The original game took 7 years to develop, and they explicitly said they did not want to crunch staff for DLC:
Two new bosses are shown off in the new gameplay trailer.
www.ign.com
COVID caused further delays too. As for not releasing it as a stand-alone game, I imagine they probably felt it would be too iterative to stand on its own (no major gameplay changes outside of a new character as far as I'm aware). Given the success of the Cuphead brand in general, I imagine the DLC will sell just fine.
Yeah, but it was with developing the techniques, technickal background, etc. And they have way more financial room now that the first one was a financial success.
It feels more lik they did not want to expand their studio (and thats fair, if you feel like you either could not support it in the long run or that it would make managing it less fun for your core team).
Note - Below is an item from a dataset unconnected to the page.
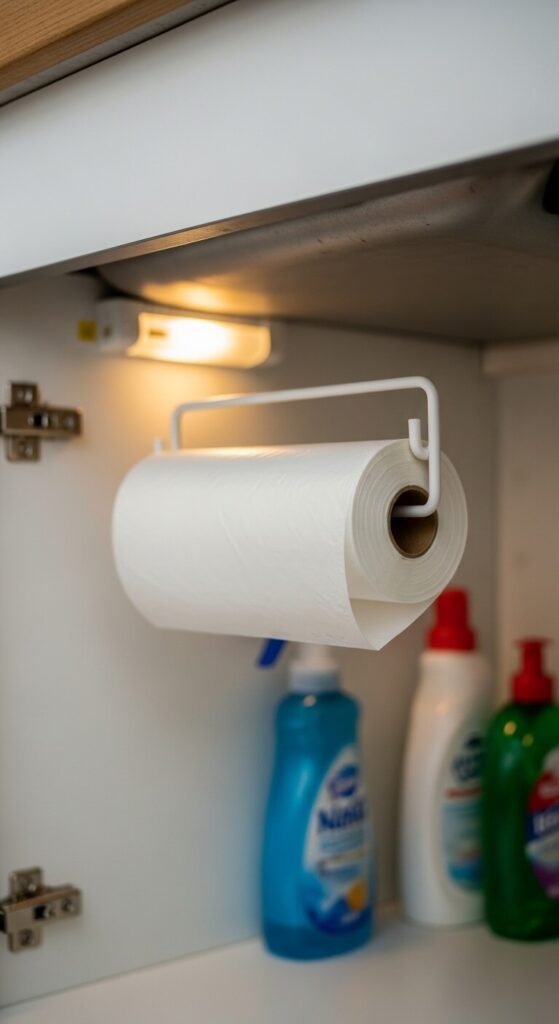 Trash bags stuffed into a random drawer or shoved under the sink never come out cleanly. Mount a simple bag roll holder inside your under-sink cabinet or any lower cabinet door. These cost just a few dollars and mount with screws or adhesive. Pull a bag off the roll with one hand. This sounds minor but removing friction from small daily tasks adds up to a noticeably smoother kitchen routine.

Its not about crunch. and im aware of the phrase "9 women cant deliver a baby in 1 month". but even with covid, since it is so iterative, uses the same technical base, artstyle, music style, and they have the success of the base game and the finances, i would have expected some streamlining in the development.
But here its probably where artistry and engineering diverge. Presumably if they just wanted to make solid DLC it would have been done way faster, but they probably finetuned and reworked it often.
Lots of DLC gets released standalone these days.
Just look at Doom Eternal.
I would recommend noone to buy the DLC without having played the original game, but you are still able to.
The DLC picks up right where the game ended difficultywise and you would be lost regarding the lore too(not like thats that important).
If they had released this standalone people could have picked up Delicious Last Course on another platform than they played the original on.
I mean it's been quite some time and another console generation is out now.
Maybe someone would have prefered to play the game portably now after playing it on Xbox.
Maybe they sell a couple of copies more of the original like this, but I think a standalone release would have made sense.
It will sell fine, I just don't think iterativeness is an argument against standalone releases.
100% that. Torna (Xenoblade 2) is an example, Doom Eternal, Superhot, ...
What i could see it that it is so intertwoven with the original content (like the replaying of bosses with the new character) that they felt like it does not make sense without the base game?
Then again, i would see that as a bonus for those that have the base game.